Quale può essere l’età di questi monumenti della civiltà contadina? Difficile stabilirlo, ma c’è un documento del 1700 scritto dal nobile Don Ludovico Paglia intitolato: “ISTORIE DELLA CITTA’ DI GIOVENAZZOche riporta una descrizione sommaria del Castello detto di ARGIRO, in cui dice che:…..”dopo la morte di Carlo Magno, che fu nell’anno 814, i Saraceni dell’Africa  venendo in diverse volte nell’ Italia, scorsero anche il nostro Regno, come negli anni 29, 45, e ultimamente lasciando da parte altre loro imprese nel 64 di quel secolo, quando rimasero saccheggiate e distrutte dalla loro crudeltà tutte quasi quelle Terre, che sono dalla Riviera di Ancona infino al  Capo di Otranto, e all’ora fù abbruciato da quegli un nostro Castello, che oggi perciò viene cosiddetto de’ Saraceni. Veggonsi le reliquie di questo Castello dentro il nostro territorio verso Bari nella spiaggia che dicono di Santo Spirito cinque miglia distante da Giovenazzo, delle quali può scorgersi, che fosse  a modo di Fortezza edificato in forma rotonda, e di mediocre altezza, era in quel tempo reputato fortissimo, di modo che vi si refuggiavano gli huomini  de’ Casali vicini per esser sicuri dalle scorrerie a tempi di guerre, ma non però furono sicuri dalla furia de’ barbari Saraceni tanto che non patissero in compagnia d’altri luoghi dell’istesso eccidio…..”.

Il Casale più vicino al Castello era in quei tempi Spiriticchio e questo fa pensare che la maggior parte di questi nostri antenati furono trucidati dai Saraceni. Si fa presente che nelle fondazioni delle nuove costruzioni sorte nelle vicinanze del maniero sono state rinvenute molte ossa umane. Mi piace pensare quindi che già nell’864 i trulli di contrada Spiriticchio (punta estrema ad est del territorio di Giovinazzo) potevano rappresentare il primo nucleo urbano di Santo Spirito. Inoltre, il nome della contrada riapre il dibattito sulla origine del nome Santo Spirito. Si fa presente che il rione Marineria sorse molto dopo a ridosso della torre Asburgica (conosciuta come torre della Finanza) costruita nel 1569.

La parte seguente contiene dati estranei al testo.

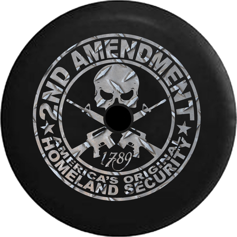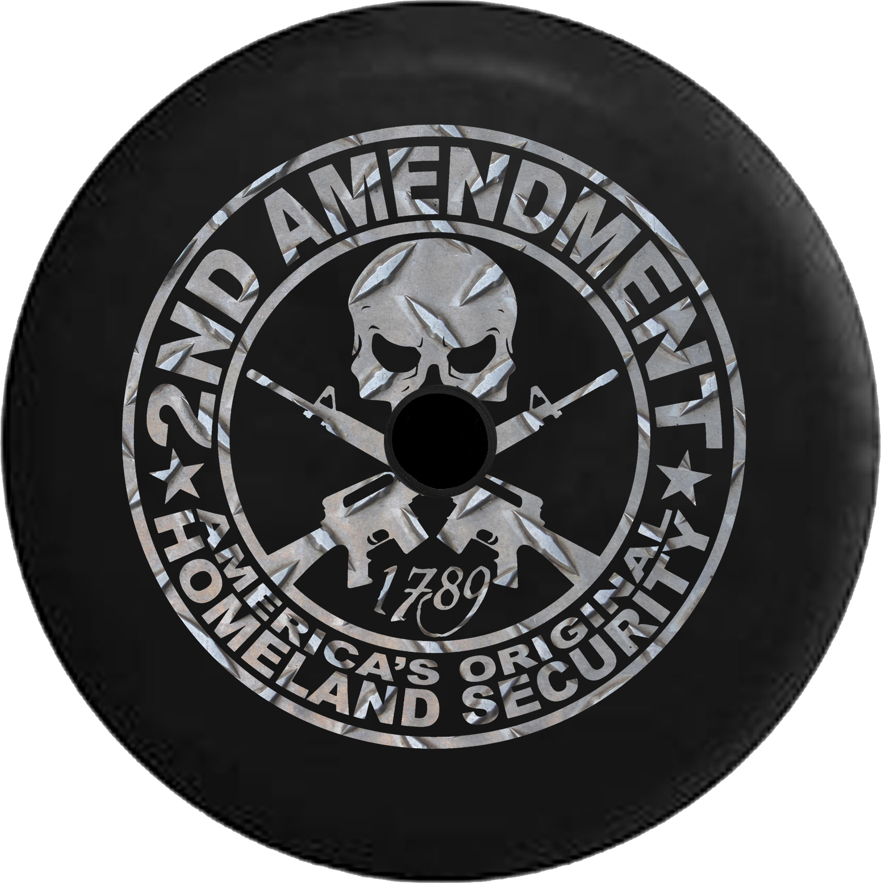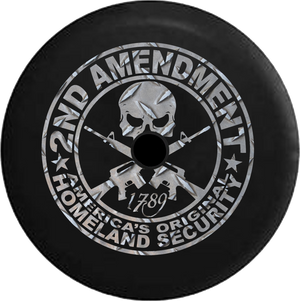 Jeep Wrangler JL Backup Camera 2nd Amendment Homeland Security Skull Aluminum RV Camper Spare Tire Cover-BLACK-

Una riflessione è opportuna sul destino di questi monumenti rurali e sulla loro protezione per evitarne le trasformazioni o distruzioni.  In merito la regione Puglia nel 2015 ha emanato un opportuno provvedimento intitolato: “Linee Guida per il recupero, la manutenzione ed il riuso dell’edilizia e dei beni rurali pugliesi”, per sostenere la valorizzazione del complesso e prezioso patrimonio dell’edilizia rurale regionale e indirizzare le operazioni di recupero edilizio, restauro e ristrutturazione, attraverso la conoscenza, conservazione, fruizione e promozione del Patrimonio Architettonico Tradizionale Pugliese. Sta a noi farle rispettare. E, ancora, dal 1996 i Trulli della Puglia fanno parte dei siti Unesco, con privilegi e tutele molto restrittive.